▶ **Problem details**:
Word for word, give the records again, dropping any picture they hold.

▶ **Exercise materials**:
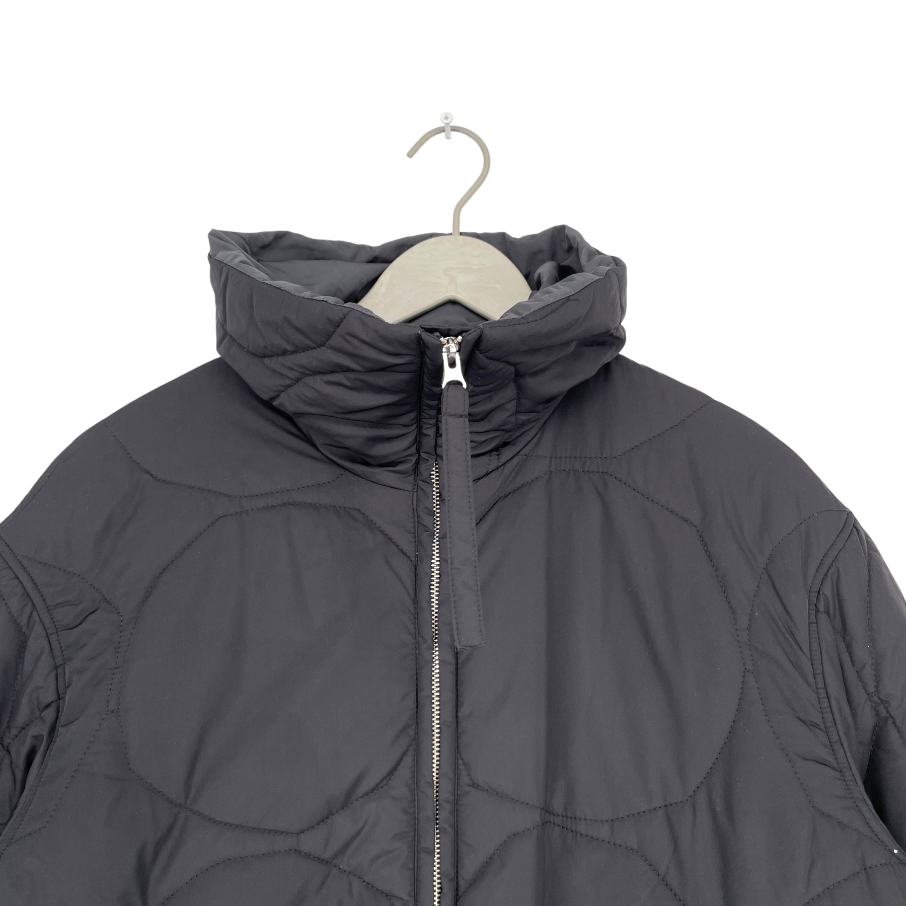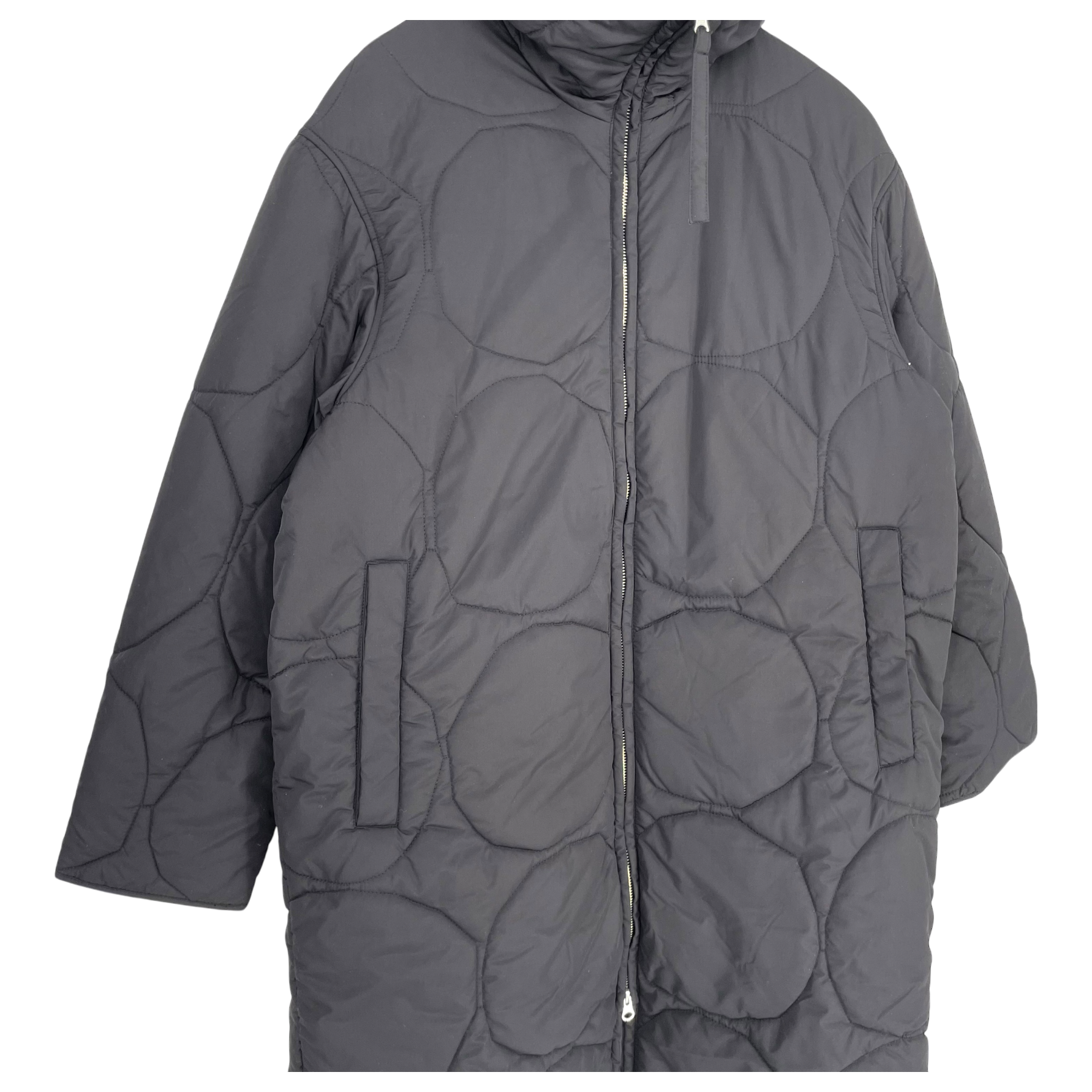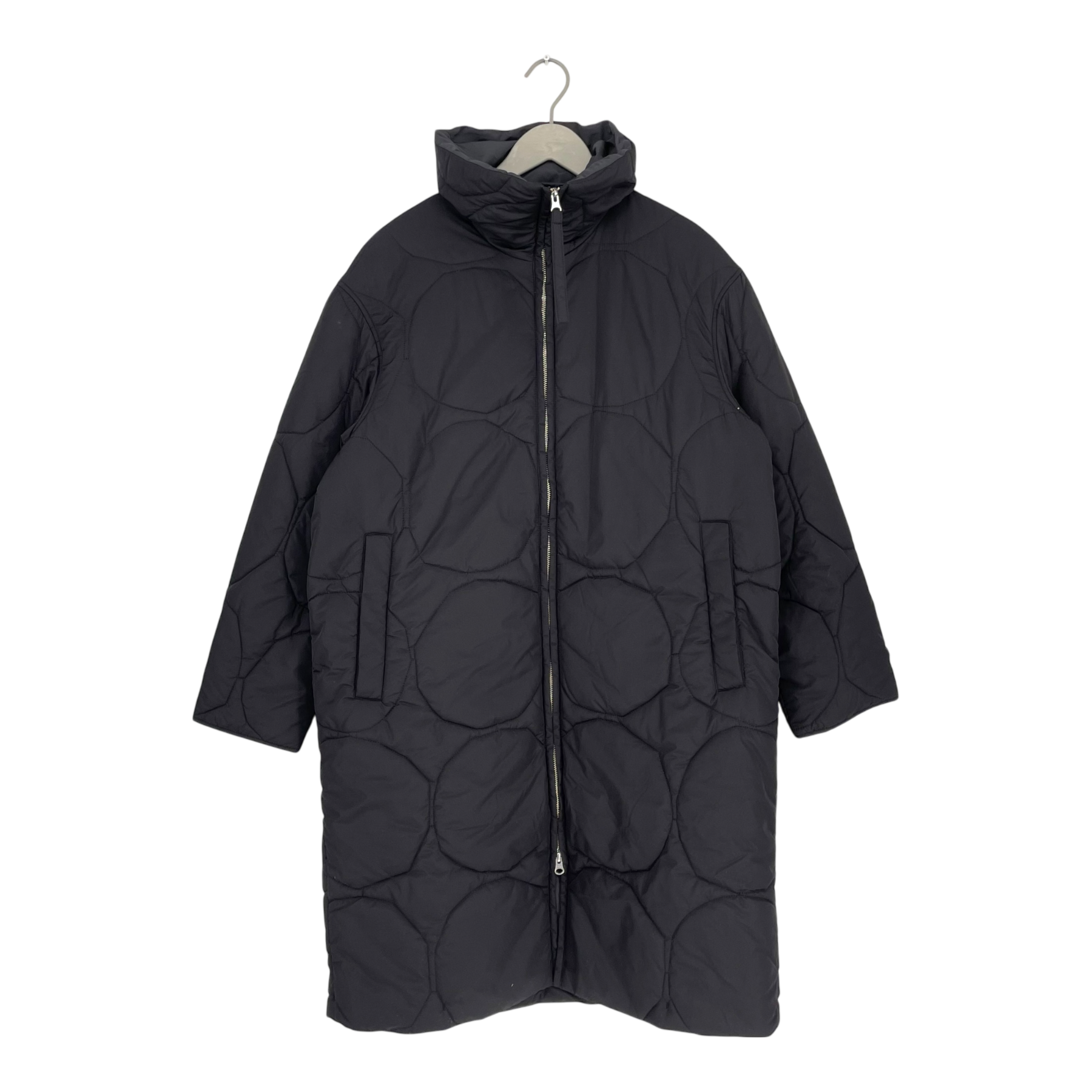 Marimekko's Kurtiini Kivet lightweight padded winter jacket with quilted Kivi print has a relaxed, straight fit. The jacket has a high collar, a two-way zipper and snap button closure pockets on the sides. The cuffs can be adjusted with snap buttons.
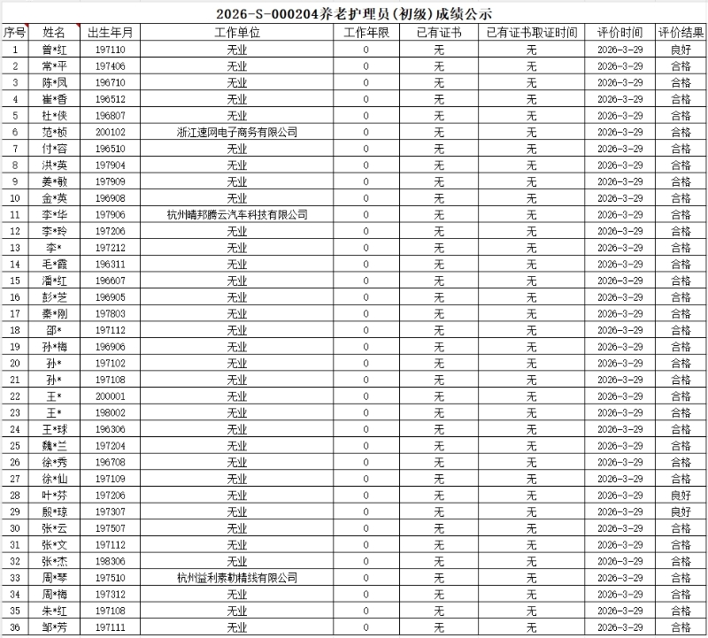 现将2026-S-000204批次养老护理员五级(初级)职业技能等级认定成绩予以公示,公示期2026-4-1 17:00:00至2026-4-9 17:00:00,如对公示情况有异议,请电话或书面联系学院培训处。
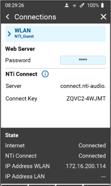 Dieses Setup zeigt den aktuellen Status der Wi-Fi Verbindung und die zugeordnete IP-Adresse des Gerätes an. Die IP-Adresse ist für die Verbindung mit dem Web-Server wichtig. Unter NTi Connect sehen sie die URL des Verbindungsservers und den eineindeutigen Schlüssel Ihres XL3. Dieser Schlüssel und das zu definierende Passwort werden für die Verbindung über NTI Connect benötigt. In inem internen LAN Netzwerk kann alternativ auch die IP Adresse für die Verbindung verwendet werden. |
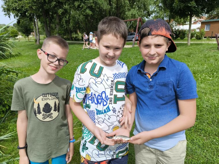 A délelőtt program zárásaként a jelenlévő halászati őrök segítségével igazi horgászatra nyílt lehetőség. A spicc botos horgászat során a gyerekek izgatottan várták, hogy ki fog először halat. A tó gazdag apró halállománya révén szinte minden fiatalnak sikerült kifogni egy kisebb keszeget, kárászt, küszt [. A gyerekek öröme és büszkesége szinte tapintható volt , hiszen többségüknek életük első horgászélményében volt részük, amit biztosan sokáig emlegetni fognak.
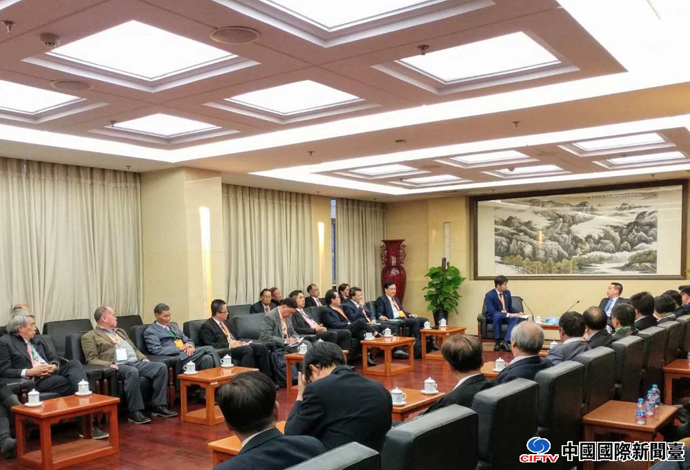 港澳办副主任黄柳权昨天在京会晤本港渔农界访京团 大公报记者 马静摄
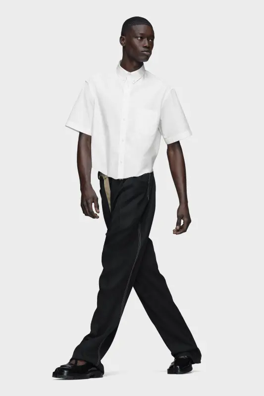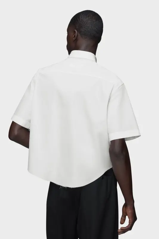 This cotton shirt is shaped for simplicity, with a cropped length, raw edge and a reverse Decortiqué chest pocket. The exposed finish interrupts the clean lines, revealing a glimpse of the garment’s construction. Maison Margiela’s signature, the four stitches, appear at the back; the opposite of a label.

▶ **Task solution**:
 Marimekko's Kurtiini Kivet lightweight padded winter jacket with quilted Kivi print has a relaxed, straight fit. The jacket has a high collar, a two-way zipper and snap button closure pockets on the sides. The cuffs can be adjusted with snap buttons.
 现将2026-S-000204批次养老护理员五级(初级)职业技能等级认定成绩予以公示,公示期2026-4-1 17:00:00至2026-4-9 17:00:00,如对公示情况有异议,请电话或书面联系学院培训处。
 Dieses Setup zeigt den aktuellen Status der Wi-Fi Verbindung und die zugeordnete IP-Adresse des Gerätes an. Die IP-Adresse ist für die Verbindung mit dem Web-Server wichtig. Unter NTi Connect sehen sie die URL des Verbindungsservers und den eineindeutigen Schlüssel Ihres XL3. Dieser Schlüssel und das zu definierende Passwort werden für die Verbindung über NTI Connect benötigt. In inem internen LAN Netzwerk kann alternativ auch die IP Adresse für die Verbindung verwendet werden. |
 A délelőtt program zárásaként a jelenlévő halászati őrök segítségével igazi horgászatra nyílt lehetőség. A spicc botos horgászat során a gyerekek izgatottan várták, hogy ki fog először halat. A tó gazdag apró halállománya révén szinte minden fiatalnak sikerült kifogni egy kisebb keszeget, kárászt, küszt [. A gyerekek öröme és büszkesége szinte tapintható volt , hiszen többségüknek életük első horgászélményében volt részük, amit biztosan sokáig emlegetni fognak.
 港澳办副主任黄柳权昨天在京会晤本港渔农界访京团 大公报记者 马静摄
 This cotton shirt is shaped for simplicity, with a cropped length, raw edge and a reverse Decortiqué chest pocket. The exposed finish interrupts the clean lines, revealing a glimpse of the garment’s construction. Maison Margiela’s signature, the four stitches, appear at the back; the opposite of a label.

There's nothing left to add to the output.